> Data excerpts
****
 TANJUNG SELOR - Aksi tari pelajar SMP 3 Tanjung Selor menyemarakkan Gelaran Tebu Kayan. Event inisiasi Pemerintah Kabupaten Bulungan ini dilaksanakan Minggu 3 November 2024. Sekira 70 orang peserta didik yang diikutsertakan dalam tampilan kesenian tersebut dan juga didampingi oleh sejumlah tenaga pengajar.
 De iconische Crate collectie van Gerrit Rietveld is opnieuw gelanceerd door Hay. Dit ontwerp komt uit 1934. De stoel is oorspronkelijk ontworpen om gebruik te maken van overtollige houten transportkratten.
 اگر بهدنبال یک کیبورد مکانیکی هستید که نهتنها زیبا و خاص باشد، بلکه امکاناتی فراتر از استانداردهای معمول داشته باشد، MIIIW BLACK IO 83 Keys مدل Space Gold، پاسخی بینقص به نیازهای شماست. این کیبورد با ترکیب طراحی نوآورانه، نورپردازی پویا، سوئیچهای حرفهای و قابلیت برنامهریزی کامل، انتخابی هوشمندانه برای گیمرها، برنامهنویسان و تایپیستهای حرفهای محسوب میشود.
****
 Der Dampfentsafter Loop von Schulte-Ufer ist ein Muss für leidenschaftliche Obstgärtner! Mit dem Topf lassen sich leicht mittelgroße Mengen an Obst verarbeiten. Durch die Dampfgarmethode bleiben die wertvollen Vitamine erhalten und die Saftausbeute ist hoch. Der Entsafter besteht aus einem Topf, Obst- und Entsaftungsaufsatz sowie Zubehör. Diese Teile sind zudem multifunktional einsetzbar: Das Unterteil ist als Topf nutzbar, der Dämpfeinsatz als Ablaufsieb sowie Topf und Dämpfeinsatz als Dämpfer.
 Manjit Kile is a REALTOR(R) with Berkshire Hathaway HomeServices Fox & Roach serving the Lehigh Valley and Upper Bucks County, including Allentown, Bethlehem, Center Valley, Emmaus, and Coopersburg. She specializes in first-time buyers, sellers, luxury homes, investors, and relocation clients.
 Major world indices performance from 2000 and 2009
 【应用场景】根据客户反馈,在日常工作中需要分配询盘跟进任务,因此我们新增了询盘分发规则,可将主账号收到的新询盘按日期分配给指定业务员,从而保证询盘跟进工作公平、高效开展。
****
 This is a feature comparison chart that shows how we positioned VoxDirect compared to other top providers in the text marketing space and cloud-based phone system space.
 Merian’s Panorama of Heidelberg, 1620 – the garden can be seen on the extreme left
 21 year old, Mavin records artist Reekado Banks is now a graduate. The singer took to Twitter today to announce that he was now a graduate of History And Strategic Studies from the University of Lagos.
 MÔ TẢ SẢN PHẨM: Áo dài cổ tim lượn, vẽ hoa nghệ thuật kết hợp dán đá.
****
Reproduce exactly the stretch of the material above that starts at the line with "This is a feature" and ends at the line with "21 year old, Mavin", both included, and nothing else.

> Response
 This is a feature comparison chart that shows how we positioned VoxDirect compared to other top providers in the text marketing space and cloud-based phone system space.
 Merian’s Panorama of Heidelberg, 1620 – the garden can be seen on the extreme left
 21 year old, Mavin records artist Reekado Banks is now a graduate. The singer took to Twitter today to announce that he was now a graduate of History And Strategic Studies from the University of Lagos.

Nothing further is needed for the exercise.